Created by: chengduoZH
fix : https://github.com/PaddlePaddle/Paddle/issues/8567
concat
operation
Analysis the The input is a list of tensors and axis
which indicates the concation axis. The shape of input's tensor can be any, but only the dimension of axis
can be different.
For example, the input is two tensors.
- case 1:
- t_a's shape: [9,2,3,4]
- t_b's shape:[3,2,3,4]
-
axis = 0
,
Obviously, the output's shape is [12,2,3,4]. To simply solve this case, we can reshape t_a to [9, 24] and t_b to [3, 24], finally concate the two tensor longitudinally.

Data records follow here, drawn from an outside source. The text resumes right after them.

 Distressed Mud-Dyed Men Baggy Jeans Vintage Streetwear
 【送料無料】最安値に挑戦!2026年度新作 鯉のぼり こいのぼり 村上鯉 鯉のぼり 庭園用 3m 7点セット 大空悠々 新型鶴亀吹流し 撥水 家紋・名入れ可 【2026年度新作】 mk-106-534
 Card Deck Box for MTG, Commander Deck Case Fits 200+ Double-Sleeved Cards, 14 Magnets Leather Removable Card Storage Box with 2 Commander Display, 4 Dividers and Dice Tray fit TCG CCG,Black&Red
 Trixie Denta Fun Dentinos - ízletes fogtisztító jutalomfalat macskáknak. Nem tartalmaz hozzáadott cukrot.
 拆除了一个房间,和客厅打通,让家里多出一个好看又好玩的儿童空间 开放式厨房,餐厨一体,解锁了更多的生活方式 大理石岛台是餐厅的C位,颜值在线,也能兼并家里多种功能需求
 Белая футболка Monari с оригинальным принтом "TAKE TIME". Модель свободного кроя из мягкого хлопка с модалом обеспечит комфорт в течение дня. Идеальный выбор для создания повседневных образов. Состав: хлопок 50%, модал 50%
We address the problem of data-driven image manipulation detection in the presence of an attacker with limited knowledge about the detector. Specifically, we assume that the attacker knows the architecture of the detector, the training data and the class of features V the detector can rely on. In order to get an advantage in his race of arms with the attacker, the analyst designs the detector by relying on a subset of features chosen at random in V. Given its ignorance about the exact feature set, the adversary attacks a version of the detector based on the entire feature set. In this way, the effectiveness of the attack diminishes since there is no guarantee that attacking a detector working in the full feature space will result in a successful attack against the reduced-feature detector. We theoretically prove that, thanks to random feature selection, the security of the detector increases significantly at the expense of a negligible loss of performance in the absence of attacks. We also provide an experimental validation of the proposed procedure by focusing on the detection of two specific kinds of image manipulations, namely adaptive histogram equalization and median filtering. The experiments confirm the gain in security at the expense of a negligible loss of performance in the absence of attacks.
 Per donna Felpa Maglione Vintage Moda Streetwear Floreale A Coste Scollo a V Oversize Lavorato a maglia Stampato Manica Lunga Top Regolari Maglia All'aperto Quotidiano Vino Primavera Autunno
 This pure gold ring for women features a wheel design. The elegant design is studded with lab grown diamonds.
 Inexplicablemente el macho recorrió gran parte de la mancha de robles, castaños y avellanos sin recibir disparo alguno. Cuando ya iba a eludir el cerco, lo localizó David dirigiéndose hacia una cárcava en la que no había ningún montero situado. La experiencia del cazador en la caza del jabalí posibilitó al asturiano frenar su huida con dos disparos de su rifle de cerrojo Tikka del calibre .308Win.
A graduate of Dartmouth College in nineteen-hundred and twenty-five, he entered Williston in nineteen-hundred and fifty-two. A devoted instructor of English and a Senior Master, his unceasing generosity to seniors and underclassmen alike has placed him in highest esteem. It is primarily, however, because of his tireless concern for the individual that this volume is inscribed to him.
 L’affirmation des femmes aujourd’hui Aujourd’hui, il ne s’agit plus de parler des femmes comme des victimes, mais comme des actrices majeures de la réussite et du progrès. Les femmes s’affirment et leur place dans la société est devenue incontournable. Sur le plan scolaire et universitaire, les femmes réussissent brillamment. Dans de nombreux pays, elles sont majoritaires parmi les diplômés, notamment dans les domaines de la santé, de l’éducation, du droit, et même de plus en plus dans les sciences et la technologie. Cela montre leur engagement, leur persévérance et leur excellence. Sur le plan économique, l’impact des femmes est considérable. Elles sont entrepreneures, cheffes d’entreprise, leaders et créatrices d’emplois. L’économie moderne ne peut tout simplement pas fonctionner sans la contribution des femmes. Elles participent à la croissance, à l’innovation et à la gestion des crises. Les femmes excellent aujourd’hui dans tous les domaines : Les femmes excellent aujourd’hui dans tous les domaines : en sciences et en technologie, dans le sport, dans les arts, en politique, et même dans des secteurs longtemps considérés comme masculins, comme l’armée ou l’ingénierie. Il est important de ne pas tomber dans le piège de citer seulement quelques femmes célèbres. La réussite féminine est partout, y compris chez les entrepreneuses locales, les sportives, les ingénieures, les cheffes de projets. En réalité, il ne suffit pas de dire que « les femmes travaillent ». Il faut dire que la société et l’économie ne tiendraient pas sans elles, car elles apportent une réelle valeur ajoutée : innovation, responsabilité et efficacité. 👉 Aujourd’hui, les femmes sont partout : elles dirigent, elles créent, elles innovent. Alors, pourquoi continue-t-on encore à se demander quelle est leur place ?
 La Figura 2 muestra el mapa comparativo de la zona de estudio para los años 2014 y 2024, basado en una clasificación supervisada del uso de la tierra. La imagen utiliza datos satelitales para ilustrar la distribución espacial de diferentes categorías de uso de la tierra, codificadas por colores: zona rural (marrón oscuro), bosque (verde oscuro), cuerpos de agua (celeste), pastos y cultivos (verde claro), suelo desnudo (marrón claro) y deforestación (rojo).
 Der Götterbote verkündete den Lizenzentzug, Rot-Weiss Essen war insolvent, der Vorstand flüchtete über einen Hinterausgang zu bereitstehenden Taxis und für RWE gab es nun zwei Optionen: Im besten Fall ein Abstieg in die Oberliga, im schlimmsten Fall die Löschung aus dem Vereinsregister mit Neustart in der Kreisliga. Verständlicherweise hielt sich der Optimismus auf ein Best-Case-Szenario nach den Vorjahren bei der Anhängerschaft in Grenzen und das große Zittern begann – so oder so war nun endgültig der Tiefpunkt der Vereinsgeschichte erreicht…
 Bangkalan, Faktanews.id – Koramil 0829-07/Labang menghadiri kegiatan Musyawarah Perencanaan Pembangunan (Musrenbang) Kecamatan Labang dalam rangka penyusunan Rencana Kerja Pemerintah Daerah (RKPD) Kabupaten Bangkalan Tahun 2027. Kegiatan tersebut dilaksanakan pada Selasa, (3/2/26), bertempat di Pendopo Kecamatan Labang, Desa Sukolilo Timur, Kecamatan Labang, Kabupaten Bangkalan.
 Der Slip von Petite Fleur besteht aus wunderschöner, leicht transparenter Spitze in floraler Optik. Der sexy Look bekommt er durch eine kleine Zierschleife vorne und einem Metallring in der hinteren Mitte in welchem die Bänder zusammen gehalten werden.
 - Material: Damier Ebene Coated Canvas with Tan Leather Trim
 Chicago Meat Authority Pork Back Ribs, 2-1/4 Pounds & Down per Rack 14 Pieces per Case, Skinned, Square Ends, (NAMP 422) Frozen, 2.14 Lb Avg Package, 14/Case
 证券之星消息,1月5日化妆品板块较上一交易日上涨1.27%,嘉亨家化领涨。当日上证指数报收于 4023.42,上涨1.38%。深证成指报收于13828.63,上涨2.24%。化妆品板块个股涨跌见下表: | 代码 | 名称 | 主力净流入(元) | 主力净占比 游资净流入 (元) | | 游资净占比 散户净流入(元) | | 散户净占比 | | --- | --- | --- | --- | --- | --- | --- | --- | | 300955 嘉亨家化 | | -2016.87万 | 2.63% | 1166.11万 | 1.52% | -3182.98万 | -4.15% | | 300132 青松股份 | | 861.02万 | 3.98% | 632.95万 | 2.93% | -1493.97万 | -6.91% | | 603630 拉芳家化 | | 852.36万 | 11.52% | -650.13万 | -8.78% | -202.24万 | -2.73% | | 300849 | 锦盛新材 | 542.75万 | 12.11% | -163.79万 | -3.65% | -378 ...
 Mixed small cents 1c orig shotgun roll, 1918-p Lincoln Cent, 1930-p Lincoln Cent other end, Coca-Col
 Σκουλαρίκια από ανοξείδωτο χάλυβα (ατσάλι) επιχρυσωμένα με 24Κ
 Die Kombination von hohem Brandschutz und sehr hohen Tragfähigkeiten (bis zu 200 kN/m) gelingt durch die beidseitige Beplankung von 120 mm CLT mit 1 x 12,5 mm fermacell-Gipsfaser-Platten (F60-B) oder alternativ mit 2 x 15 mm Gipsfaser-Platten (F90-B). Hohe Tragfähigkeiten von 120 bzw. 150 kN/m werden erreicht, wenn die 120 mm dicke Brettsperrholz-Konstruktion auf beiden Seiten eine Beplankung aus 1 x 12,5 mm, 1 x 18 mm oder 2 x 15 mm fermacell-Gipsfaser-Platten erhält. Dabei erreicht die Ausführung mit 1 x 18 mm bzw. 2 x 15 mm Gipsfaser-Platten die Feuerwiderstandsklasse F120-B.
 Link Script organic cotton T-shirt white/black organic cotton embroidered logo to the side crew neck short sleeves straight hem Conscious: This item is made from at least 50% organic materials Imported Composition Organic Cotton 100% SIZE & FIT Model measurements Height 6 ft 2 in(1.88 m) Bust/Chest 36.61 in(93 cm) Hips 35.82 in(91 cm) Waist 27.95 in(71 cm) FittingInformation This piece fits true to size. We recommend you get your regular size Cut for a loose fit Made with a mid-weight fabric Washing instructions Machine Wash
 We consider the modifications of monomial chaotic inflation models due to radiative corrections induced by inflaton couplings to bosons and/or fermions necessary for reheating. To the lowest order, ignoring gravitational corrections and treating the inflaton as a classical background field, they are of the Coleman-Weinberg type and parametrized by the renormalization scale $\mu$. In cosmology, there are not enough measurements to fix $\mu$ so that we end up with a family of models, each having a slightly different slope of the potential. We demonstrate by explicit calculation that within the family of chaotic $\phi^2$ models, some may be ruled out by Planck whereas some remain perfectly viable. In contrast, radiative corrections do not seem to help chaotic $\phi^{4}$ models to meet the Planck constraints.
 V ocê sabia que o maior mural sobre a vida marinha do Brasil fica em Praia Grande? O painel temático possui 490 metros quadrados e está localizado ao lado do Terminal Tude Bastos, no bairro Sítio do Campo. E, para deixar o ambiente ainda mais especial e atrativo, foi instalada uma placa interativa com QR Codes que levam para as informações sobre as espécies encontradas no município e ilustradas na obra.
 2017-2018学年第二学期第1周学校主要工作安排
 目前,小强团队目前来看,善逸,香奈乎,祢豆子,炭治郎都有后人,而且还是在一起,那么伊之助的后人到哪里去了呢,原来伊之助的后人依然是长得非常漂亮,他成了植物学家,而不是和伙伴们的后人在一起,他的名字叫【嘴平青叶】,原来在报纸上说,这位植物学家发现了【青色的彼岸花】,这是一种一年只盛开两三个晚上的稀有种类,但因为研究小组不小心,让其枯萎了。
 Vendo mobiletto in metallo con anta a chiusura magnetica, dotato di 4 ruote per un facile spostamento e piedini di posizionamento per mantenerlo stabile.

The output's shape is [12, 24]. In this case, we only copy two times.
- case 2:
- t_a's shape: [9,2,3,4]
- t_b's shape:[9,3,3,4]
-
axis = 1
,
To simply solve this case, we can reshape t_a to [9, 2, 12] and t_b to [9, 3, 12], finally concate the two tensor on the second axis. The output's shape is [9,5,12]. In this case, we should copy 18 times.
- case 3:
- t_a's shape: [9,2,3,4]
- t_b's shape:[9,2,3,3]
-
axis = 3
,
Firstly, we reshape t_a to [54, 4] and t_b to [54, 3], finally concate the two tensor horizontally. The output's shape is [54, 7]. This is the worst case, we should copy 108 times.
TODO
- use one Cuda kernel to complete those copies. All of those cases can be solved by one strategy.